We’re learning that sticking to simple things is best. Lunch at an outdoor table at Puntulina (Sv. Križ 38) offers another scene of breath-catching gorgeousness. But almost as beautiful are raw scampi, dressed just in local oil and lemon, fondant-textured essence of the sea. Or anchovies in agrodolce, a sweet and sour nod to the Venetian heritage. Or ravioli, dressed in a rich, ripe sauce of local white truffles.
Ah yes, truffles. Steep, winding Motovun up high in the mountains is the heartland of truffle country. We peer over stone walls to the fungi-infested forests vertiginously far below. Locals tether their money-can’t-buy truffle hounds in compounds almost as big as their houses and every second shop and restaurant offers a myriad variations on the precious white tuber: in cheese, under oil, in honey, pastes and spreads and sauces.
We’re on our way to Zigante (restaurantzigante.com), the area’s most famous, formal truffle restaurant (Giancarlo Zigante found the world’s largest ever white truffle: a whopping, priceless 1.31kg), where visiting presidents and movie stars have elaborate, multi-course menus of ambitious, smoke-filled dome fancy-pantsness. We have a simpler menu, and are glad of it: particularly exquisite is their home-made pasta dressed in butter, a snowstorm of white truffle shaved on top. Some things don’t need embellishment.
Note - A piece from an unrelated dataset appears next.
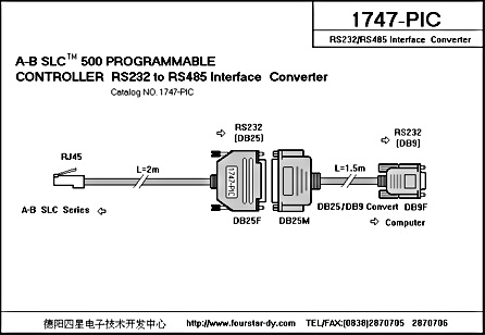 A-B SLC5系列PLC編程通訊接口電纜,RS232/DH-485接口,3米。

I buy a little jar of white truffle paste from their shop; our new chum Bobo says it’s the best way: whole truffles don’t travel particularly well, and bottled ones simply leach all their flavour into the oil. It costs an absolute fortune but lasts for several meals of heady pungency. Once, I spread it on thickly buttered sourdough toast and think, ‘that’s it, I’ll die happy now.’ (Autumn is the time to gorge on this headiest of pleasures – book now, folks.)
By far the swankiest dinner we have is in our hotel, at its Wine Vault restaurant (winevault.com.hr). The food from celebrated chef Tomislav Gretićis complex and ambitious, but I’m bemused by the fact that beef comes from Argentina and seafood from Scotland. The wines, however – a series of eye-openers from the area: they stock over 550 Croatian labels, and there’s not a dud amongst the ones we try: from methode Champenoise Misal Prestige to complex and fruity Krauthaker Chardonnay Rosenberg to Lacrime grappa (meaning tears, which is what it’ll bring to your eyes).
So no, Rovinj isn’t going to blow you away with its molecular innovation, groundbreaking gastronomy or hipster buzz-foods. But it’s insanely pretty, its people delightful, and its produce remarkable. As Anthony Boudain enthused when he visited: ‘this is world-class food, world-class wine, world-class cheese’. And really, you can’t say fairer than that.